Although the aetiology and epidemiology of dental anomalies of shape, number, and position have significant contributions in the orthodontic clinical literature, and the heritability and variation of the human skull is a major concern of anthropology, there appears to be little research into the relationship of these dental anomalies with cranial morphological variation. Anthropologists have had a tendency to regard specific nonmetric traits, such as Carabelli’s cusp, and metrics in studies of human variation (Scott 1988; Turner and Scott 2008).

For the past decade a good deal of research has provided some answers to the aetiology and epidemiology of supernumerary teeth and hypodontia; the incidence of rotated or reversed teeth, however, seems less investigated and is often aggregated into general categories of malocclusion (Evensen and Øgaard 2007; Ling and Wong 2010). Dental arch dimensions and other occlusal variables have been suggested as causes or aetiologies for rotations, but rotation also appears to occur without associated anomalies, as was reported in the pygmoid Homo sapiens from Flores, Indonesia (Jacob et al 2006). The Flores samples otherwise do not differ significantly from modern human values for dental or craniofacial variables, including arch and tooth dimensions, other than 90° rotated 2nd premolars (Jacob et al 2006).
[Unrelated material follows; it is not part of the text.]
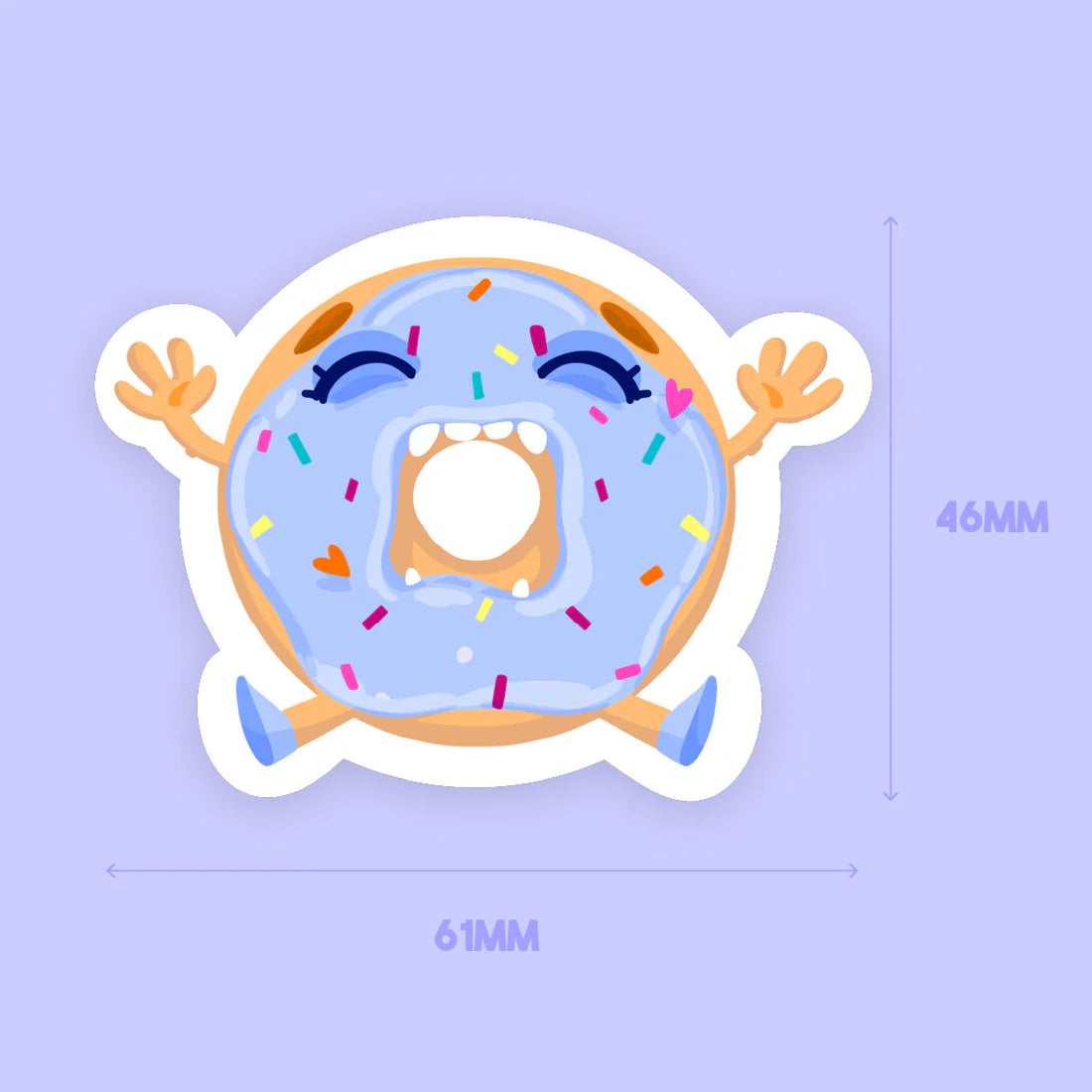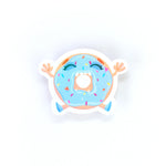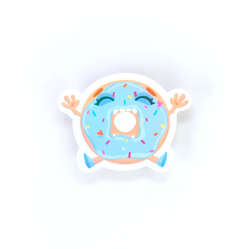 Attrapez ce beignet en plein bâillement ! Cet adorable autocollant présente un donut hilarant avec un visage doux et des pépites colorées, le tout animé par une finition holographique fascinante. Fabriqué en vinyle imperméable, il est parfait pour ajouter une touche d'humour et d'éclat à vos affaires. Mettez la main sur cet autocollant brillant en forme de donut et que les rires commencent !

Non-syndromic supernumerary teeth have been reported and treated since at least as early as the 7_th century AD (Rajab and Hamdam 2002; Duncan 2009), and a number of case reports from prehistoric North America have appeared in the anthropological literature (Ortner 2003), although descriptions extend to as far as far as the Australopithecines (Duncan 2009), and supernumeraries have been recorded in a number of extant and extinct anthropoids (Jungers and Gingerich 1980; Swindler 2002). Legoux (1974) described a number of dental anomalies in a small Final Gravettian population from l’Abri-Pataud, France, the most significant of which are two supernumerary teeth alongside the right upper M2 (17) in one individual and a reversed right upper PM2 (15) in another. He suggested that the rare collection of dental traits among these remains is indicative of a small endogamous population, and proposed a ‘mother/child’ relationship between two of them (Legoux 1974). Similarly, a description of several supernumeraries along with among a small sample from the Mayan site of Ixlú, Guatemala suggested not only the genetic aetiology of hyperdontia but the association with other anomalies, as well as the close relationship of the specimens (Duncan 2009).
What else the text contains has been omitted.